Parece menor reclamarle a una película cierto apego documental. Pero para una obra que se propone como retrato de ese mundo orillero, captar su clima resulta indispensable.

Por sobre todas las cosas, la película de Adrián Biniez, rodada en las instalaciones de Talleres de Remedios de Escalada, es un viaje al interior de un rito barrial y masculino. Los entrenamientos, la soledad y el bullicio del vestuario (con la ducha colectiva como cima del pacto grupal), el honor deportivo, el liderazgo.

En derredor, un sistema familiar, de valores, ambiciones y hábitos identificados con las clases populares. Por caso, aunque se trata de un deportista semiprofesional, parte de la dieta cotidiana del protagonista es la cerveza y el porro. Como en aquella otra película fundacional.

El 5 de Talleres narra un momento clave en la carrera del Patón Bonassiolle (Esteban Lamothe), amo y señor del mediocampo más por su vigorosa suela que por sus dotes con la pelota. Condenado a purgar ocho fechas por una merecida expulsión, decide que, superados con holgura los treinta años, ha llegado la hora del retiro.
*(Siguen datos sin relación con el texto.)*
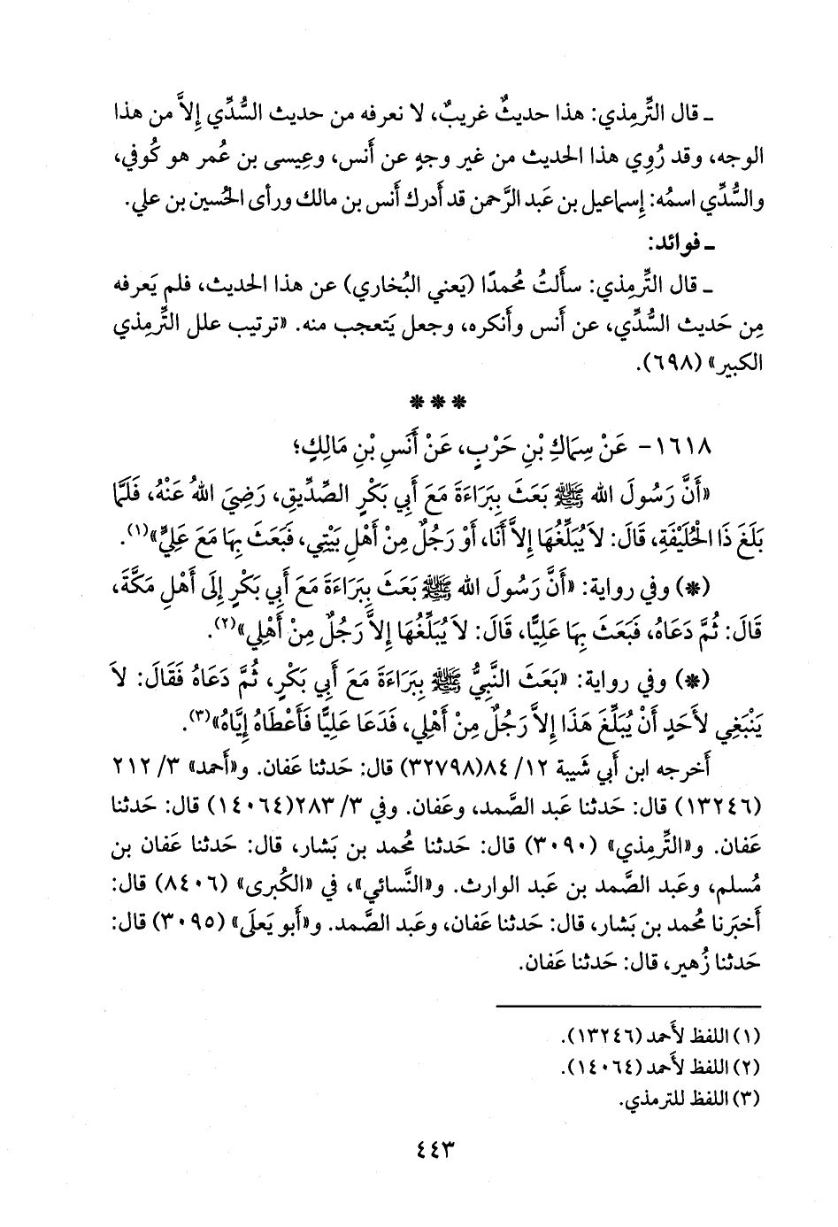 - وفي رواية: «أن رسول الله صَلى الله عَليه وسَلم بعث ببراءة مع أَبي بكر إلى أهل مكة، قال: ثم دعاه، فبعث بها عليا، قال: لا يبلغها إلا رجل من أهلي» (¬٢).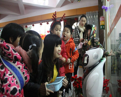 新的一年就要來到了,幼兒園里也來了一位新朋友,他就是機器人“小伊”。小伊也在大廳里迎接我們小朋友和大朋友的到來,孩子們都覺得很好奇,爭先恐后的向機器人“小伊”提問,“小伊”幽默有趣的回答大家的問題逗得大家哈哈大笑。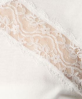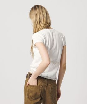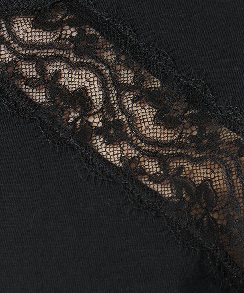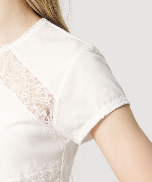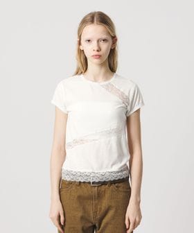 シンプルなTシャツにテープ状のレースをドッキングしたデザインが魅力的なトップス。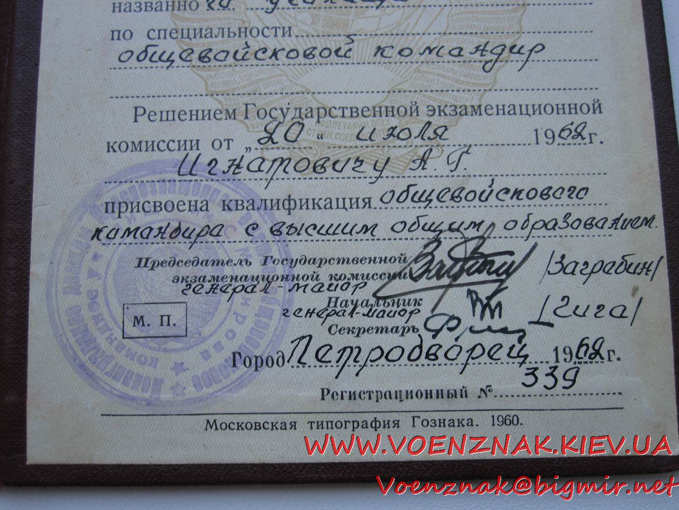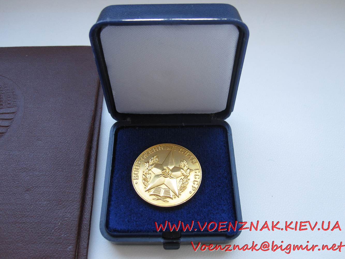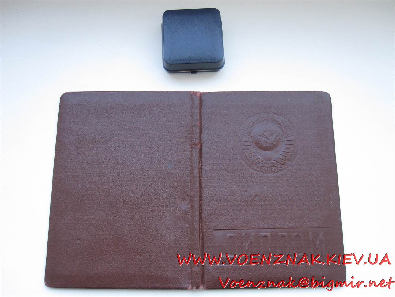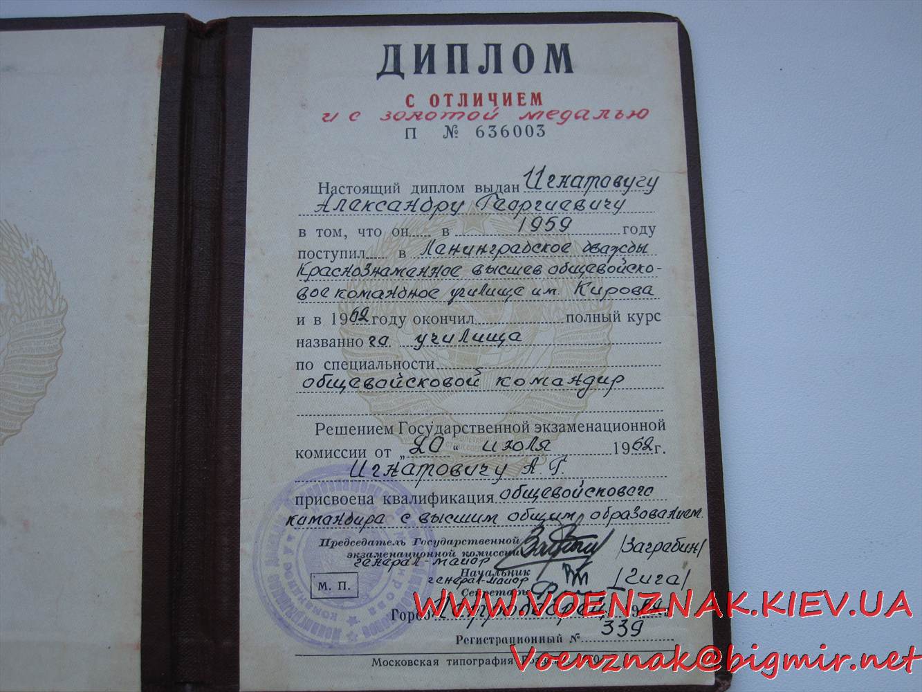 Диплом об окончании Ленинградского Краснознаменного высшего общевойскового командного училища им. Кирова училища с отличием, + золотая медаль в коробке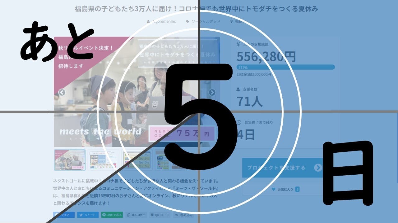 ネクストゴール<75万円>を目指しています!!募集終了まであと5日間!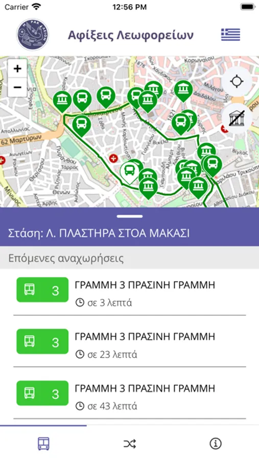 Στο πλαίσιο του έργου αναπτύχθηκαν διαδικτυακή εφαρμογή και εφαρμογή για κινητά που επιτρέπουν τη λήψη πληροφοριών σε πραγματικό χρόνο είτε, μέσω διαδικτύου είτε, μέσω κινητών τηλεφώνων, σχετικά με τους χρόνους άφιξης λεωφορείων από στάσεις καθώς και πληροφορίες γραμμών.

Más acá de su reconstrucción escrupulosa de un segmento social (el lenguaje es un capítulo especialmente cuidado), el film habla sobre el fin de la infancia. El Patón, rodeado de compañeros mucho más jóvenes que lo veneran, decide retomar la adultez que interrumpió por seguir corriendo detrás de la pelota. Se sabe que la infancia no es un período específico, un suceso cronológico, sino un estado de la conciencia. Y puede durar para siempre.

Con el auxilio de la esposa, ella sí una persona madura (Julieta Zylberberg, pareja de Lamothe también fuera del set), el cinco de Talleres se lanza a completar la escuela secundaria y a imaginar (que no planificar) negocios de los cuales vivir una vez que, “a fin de año”, cuelgue los botines.

El Patón no sólo tiene dificultades para hacer los ejercicios de matemática. Sencillamente desconoce el mundo real, al que regresa de la mano paciente y cariñosa de su mujer. Sin ella, es capaz de ir al local de un shopping a preguntar si venden ropa al por mayor, pues esa es su idea de cómo empezar en el comercio textil.

Quizá porque el núcleo familiar lo acompaña comprensivamente (el padre pretende que juegue un tiempo más, pero luego se resigna), ocurre algo curioso con aquello que, se supone, es el nudo conflictivo de la película: Bonassiolle lo atraviesa apaciblemente. Se desliza hacia la vida civil se diría que gozoso. Nada de crisis, nada de nostalgias ni depresiones, como lo previene su entrenador Donato, un personaje quemado y adorable.

Se despide en el medio de una ovación en el último partido del campeonato. Rinde las materias que debía y proyecta estudiar inglés. Recupera intimidad con su mujer. Inaugura ­–junto a su esposa, claro­– un delivery de picadas. En fin, allí donde a otros se les viene el mundo abajo, al Patón se le presenta una sucesión de oportunidades felices.

El aprendizaje es rápido y exitoso. La ausencia de conflicto relaja el film. Le resta nervio, posibilidades narrativas. Aunque la película conserva su encanto verista, de algún modo defrauda al espectador. Es como si el Patón ganara los puntos porque el rival no se presentó a jugar.